Time Control The firewall rule will only be active during that time. You need to create time objects in the Advanced Settings first.

Raw Data The Raw Data will be appended to the generated firewall rule. Please be careful as wrong input will prevent the firewall rules from beeing loaded. Please refer to the nftables syntax for the format.

11.3.4.6. Changes

At the bottom of each rule you can see the Created date, Modified date and the user that last modified the rule Modified user.

11.3.5. Hostnames in Rules

We support hostnames in rules as destination or source. Be aware though that they MUST be resolvable when the firewall rules are loaded, applied or reapplied. The firewall rules CAN NOT be updated, if there is no working DNS. The reload will fail and leave the old ruleset in place.

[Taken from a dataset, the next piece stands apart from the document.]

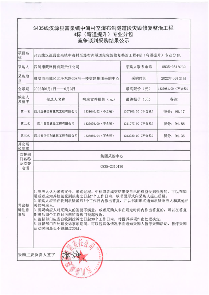 四川康藏路橋有限責任公司S435線漢源縣富泉鎮(zhèn)中海村至瀑布溝隧道段災毀修復整治工程4標(彎道提升)專業(yè)分包競爭談判采購結果公示
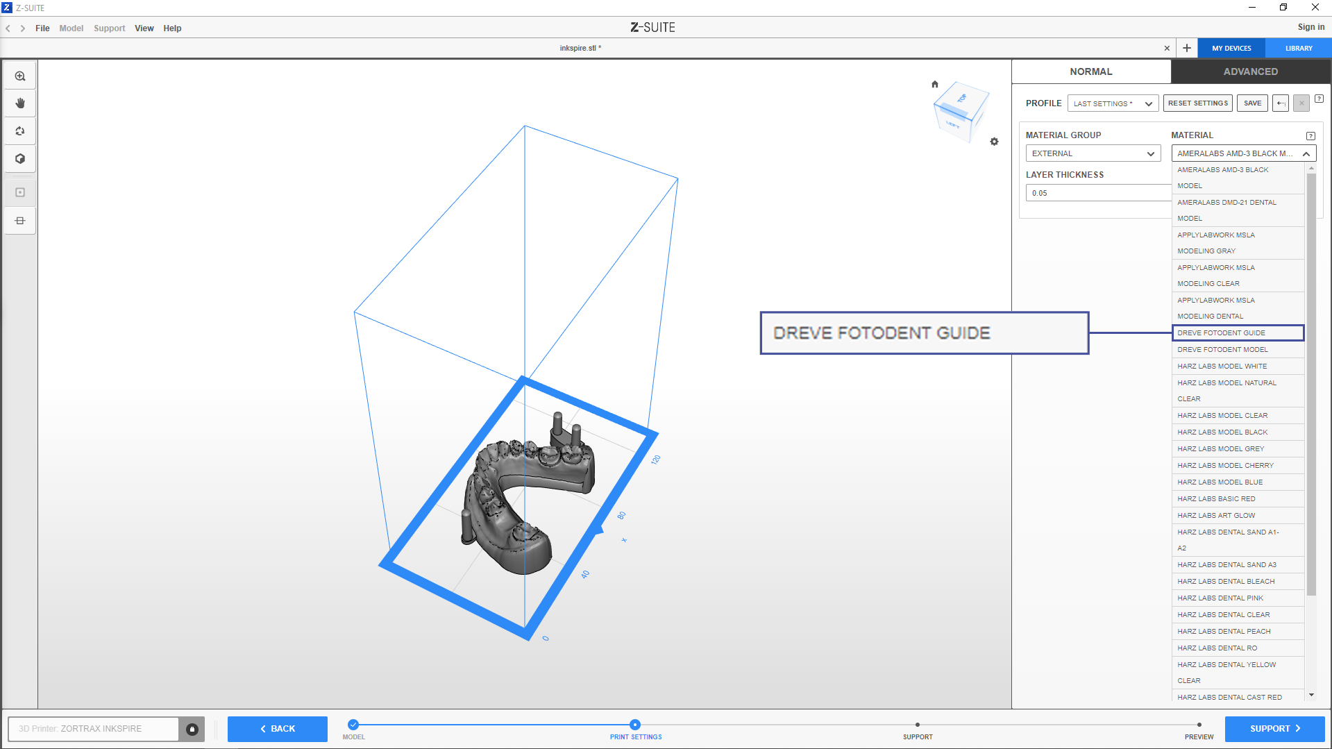 From the 2.15.0 Z-SUITE update, it is possible to print with resins delivered by Dreve. The update includes printing profiles for FotoDent® model and FotoDent® guide resins, which are suitable for dental applications. The FotoDent model resin can be used in orthodontics and prosthetics, allowing users to produce stable models resistant to moisture and abrasion. The FotoDent guide resin is dedicated for printing biocompatible dental drill guides with high dimensional accuracy. This article provides details about the resins’ features and instructions for the printing process.

11.3.7. Convert Firewall Rules

In the actions column on the right side of the overview page you can convert firewall rules. You can convert a Global Firewall Rule to an Interface Firewall Rule and vice versa. When converting a Global Firewall Rule a popup dialog will let you select an interface.

11.3.8. TCPDump

In the actions column on the right side of the overview page you can start a TCPDump for a firewall rule. A popup window will appear and show the result in realtime.

11.3.9. Trace

In the actions column on the right side of the overview page you can start a Trace for a firewall rule. A popup window will appear and show the result in realtime. The window will only show data when a packet is matching for the first time, otherwise it will stay empy.